Adding egg or milk can reduce stunting in young children: study

Bengaluru researchers say that animal product protein is better digested

Updated - April 03, 2019 01:03 am IST

Published - April 02, 2019 10:51 pm IST - Chennai:

Eight-year-old Franyelis feeds her baby brother Joneiber as their mother Francibel Contreras holds a bowl of scrambled eggs and rice, at a soup kitchen in the Petare slum, Caracas, Venezuela. Contreras brings her three malnourished children to the soup kitchen in the dangerous hillside slum where they scoop in spoonfuls of food in what could be their only meal of the day. (AP Photo/Rodrigo Abd)

Eight-year-old Franyelis feeds her baby brother Joneiber as their mother Francibel Contreras holds a bowl of scrambled eggs and rice, at a soup kitchen in the Petare slum, Caracas, Venezuela. Contreras brings her three malnourished children to the soup kitchen in the dangerous hillside slum where they scoop in spoonfuls of food in what could be their only meal of the day. (AP Photo/Rodrigo Abd)

About 38% of children in India below the age of five years are stunted. Research suggests that the reason for this is that young children consume mainly cereal-based food, which lacks quality protein that can be well digested and is limited in the content of certain essential amino acids such as lysine.

Researchers at St. John’s Medical College, Bengaluru measured the digestibility and quality of commonly used complementary foods in young children. They found that mung bean, which is a legume and is considered to be a high-quality protein source, is not as well digested and absorbed as other high-quality food proteins such as egg.

The team found that the risk of stunting in children aged 1 - 3 years (in the National Family Health-4 survey) was reduced by 10% when high quality proteins such as egg and milk were consumed along with a combination of cereals and pulses. This food-based reduction of risk can be achieved by adding 200 ml of milk or milk products (including curd), an egg or 45 grams of legume (dal) to the daily diet of a child.

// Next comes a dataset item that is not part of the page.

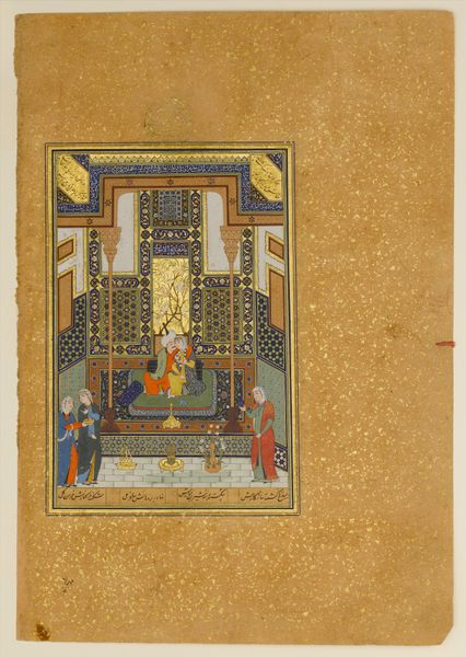 This painting, "Bahram Gur in the Turquoise Palace on Wednesday," comes from a manuscript of the Khamsa, or Quintet, of Nizami of Ganja. Likely created in the 15th century, the image gives visual form to the writings of the 12th-century Persian poet Nizami. The painting illustrates a scene of courtly life, complete with musicians and attendants. The opulent setting reflects the values of the royal or aristocratic patron who commissioned the manuscript. The image evokes a sense of idealized beauty and harmony. The painting speaks to the cultural and intellectual life of its time, reflecting the importance of literature, poetry, and the visual arts. To understand this work more fully, scholars consult historical texts, architectural drawings, and patterns, along with related examples of Islamic painting and decorative art. These resources help us to understand the social context that shaped its production and meaning.

If these foods are added to the diet of children aged less than two years, the risk of protein inadequacy reduces to 7% for egg, 8% for milk and 11% for legumes (dal).

“Stunting happens early before children turn three. While consuming quality protein that contains adequate amounts of digestible essential amino acids does help in reducing the risk of stunting, it cannot completely prevent it. Several other factors including genetics, poverty and sanitation play a role,” says Anura V. Kurpad from the institute’s Department of Physiology and senior author of a paper published in the American Journal of Clinical Nutrition .

Ideal diet

“Young children’s diet between the age of 1-3 years should contain a minimum of 100 grams of cereal (rice or wheat) and 45 grams of legume per day. Unfortunately, this is not followed in a consistent way anywhere in India,” he says. “The equivalent will be the addition of an egg or 200 ml of milk or milk products to the diet every day, which makes it expensive for many people.”

The researchers measured the essential amino acid digestion of four foods — rice, finger millet, mung dal and egg — commonly consumed complementary food by children below two. While the digestibility of essential amino acids was least for mung dal (65%), it was highest for egg (87%).

It was 78.5% and 68% for rice and finger millet, respectively.

“We choose these four food items as they are the most common complementary food given to babies after six months of exclusive breast feeding. Ragi (finger millet) is the main complementary food after six months, and legume (mung dal) and rice are given when the baby is aged nine-twelve months,” says Nirupama Shivakumar from St. John’s Medical College and first author of the paper.